John from MI posted over 7 years ago:

If option traders lose money most of the time why are options so popular to investors?

Wayne from IL posted over 7 years ago:

I have sat in on a few free options trading courses over the years and they all border on "get-rich-quick" affairs. They tend to gloss over the risks of option trading and focus on the low cost and potential for high profits.

Dave from WA posted over 6 years ago:

The charts are not readable even when blown up.

Marjorie Holden Ph.D. from NY posted over 6 years ago:

I am not a very skilled options trader. However, when you own about 1000 shares of a volatile stock, it is not really difficult to sell a covered call- not too far out. Usually one to three months, although I have done longer. If the stock does not reach the call price, even at a $1.00 a share, you have made an easy $1000. If the stock gets called, and it really is volatile, you can now sell a put. Or just wait for it to go down, if puts make you edgy.

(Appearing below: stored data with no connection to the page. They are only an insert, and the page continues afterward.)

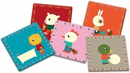 Memory géant vrienden van het Franse merk Djeco is een super leuk memory spel en tevens het ideale gezelschapsspel om met het hele gezin te spelen. Dit memory spel heeft 32 extra grote, kleurijk geïllustreerde memorykaarten van 11 x 11 cm. Een potje memory spelen? Simpel, draai alle kaarten om. De eerste speler draait twee kaarten om en legt ze vervolgens weer andersom. De volgende speler draait op zijn beurt ook twee kaarten om. Als het hem of haar lukt om twee dezelfde plaatjes te vinden, een paar van dierenvrienden, wint deze speler het paar en mag hij verder gaan. De winnaar van deze leuke memory is diegene die het meest aantal paren dierenvrienden heeft. Memory is een plezierig spel waarbij beeld en geheugen gecombineerd worden.
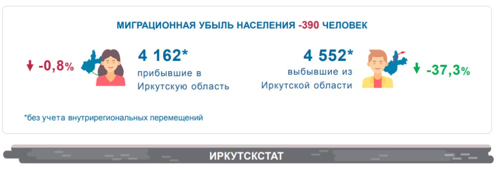 За 3 месяца в Иркутскую область из других регионов России и зарубежных стран прибыли 4,2 тыс. человек, выбыли – 4, 6 тыс. человек.
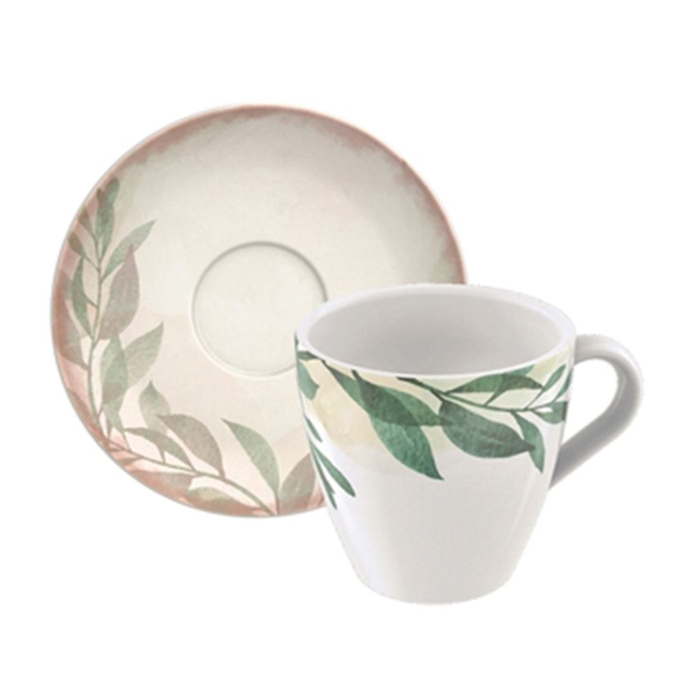 Xícara de Chá com Pires de Porcelana 200ml Natur Decorado TRAMONTINA / REF. 96580/027
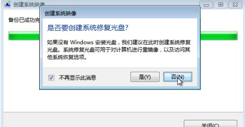 6、備份成功之后,將會彈出創建系統修復盤的提示,點擊“否”
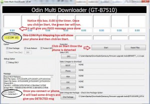 Następnie: wyłącz telefon, wciśnij na nim jednocześnie POWER oraz Q – do czasu aż na ekranie pojawi się napis „Download Mode”. Podłącz telefon, Odin powinien go wykryć.

I don't do spreads or anything fancy, but just doing this can give you a nice of chunk of change annually. Obviously you have to have a reasonable number of shares and the stock should be volatile, but perhaps not too volatile. Stocks I do this with regularly include Exom, Microsoft and Qualcom. They always go down again- and up again. In the beginning its scary, but after you've done it a few times, its just investing as usual.

I generally won't sell calls on the entire position, just in case the market really takes off. And I don't do a lot of call writing in a short period. I stagger it over the year depending on the market and the stock's price, and the price of the call.

Antonio Alvarez from PA posted over 5 years ago:

A web site with the Equity only Put to call ratio is:

Maybe the author can direct us to some other site where we can draw the EMAs over the data.